**YOUR ASSIGNMENT**
Shown below are entries with pictures; the line with "The Musy Muse" through the line with "les objets, elle" is the span to retype exactly, and the pictures stay out.

**EXTRACTED INFORMATION**
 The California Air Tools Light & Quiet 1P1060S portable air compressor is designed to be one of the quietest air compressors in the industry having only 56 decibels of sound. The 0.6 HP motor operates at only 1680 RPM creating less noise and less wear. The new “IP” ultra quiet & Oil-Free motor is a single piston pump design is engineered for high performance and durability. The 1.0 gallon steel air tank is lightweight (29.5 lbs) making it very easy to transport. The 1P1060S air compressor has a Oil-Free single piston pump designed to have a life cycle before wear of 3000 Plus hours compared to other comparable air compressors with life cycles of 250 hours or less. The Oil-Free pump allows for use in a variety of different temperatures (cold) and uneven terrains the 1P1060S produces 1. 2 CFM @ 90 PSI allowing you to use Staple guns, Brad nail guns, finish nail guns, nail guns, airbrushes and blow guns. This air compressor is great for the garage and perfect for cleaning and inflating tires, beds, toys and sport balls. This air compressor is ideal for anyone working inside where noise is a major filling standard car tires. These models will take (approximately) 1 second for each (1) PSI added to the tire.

...

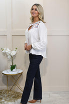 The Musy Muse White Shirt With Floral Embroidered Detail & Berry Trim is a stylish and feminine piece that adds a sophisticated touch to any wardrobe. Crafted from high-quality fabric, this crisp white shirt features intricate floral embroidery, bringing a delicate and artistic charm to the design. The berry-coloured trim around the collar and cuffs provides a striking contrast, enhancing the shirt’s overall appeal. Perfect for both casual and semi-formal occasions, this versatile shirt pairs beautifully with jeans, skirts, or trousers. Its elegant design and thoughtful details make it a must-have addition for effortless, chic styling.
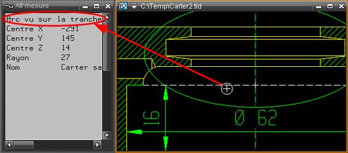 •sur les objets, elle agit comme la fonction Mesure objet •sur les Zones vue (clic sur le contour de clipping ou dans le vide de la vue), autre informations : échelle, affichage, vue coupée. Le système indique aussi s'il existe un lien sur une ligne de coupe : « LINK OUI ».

**TASK RESULT**
 The Musy Muse White Shirt With Floral Embroidered Detail & Berry Trim is a stylish and feminine piece that adds a sophisticated touch to any wardrobe. Crafted from high-quality fabric, this crisp white shirt features intricate floral embroidery, bringing a delicate and artistic charm to the design. The berry-coloured trim around the collar and cuffs provides a striking contrast, enhancing the shirt’s overall appeal. Perfect for both casual and semi-formal occasions, this versatile shirt pairs beautifully with jeans, skirts, or trousers. Its elegant design and thoughtful details make it a must-have addition for effortless, chic styling.
 •sur les objets, elle agit comme la fonction Mesure objet •sur les Zones vue (clic sur le contour de clipping ou dans le vide de la vue), autre informations : échelle, affichage, vue coupée. Le système indique aussi s'il existe un lien sur une ligne de coupe : « LINK OUI ».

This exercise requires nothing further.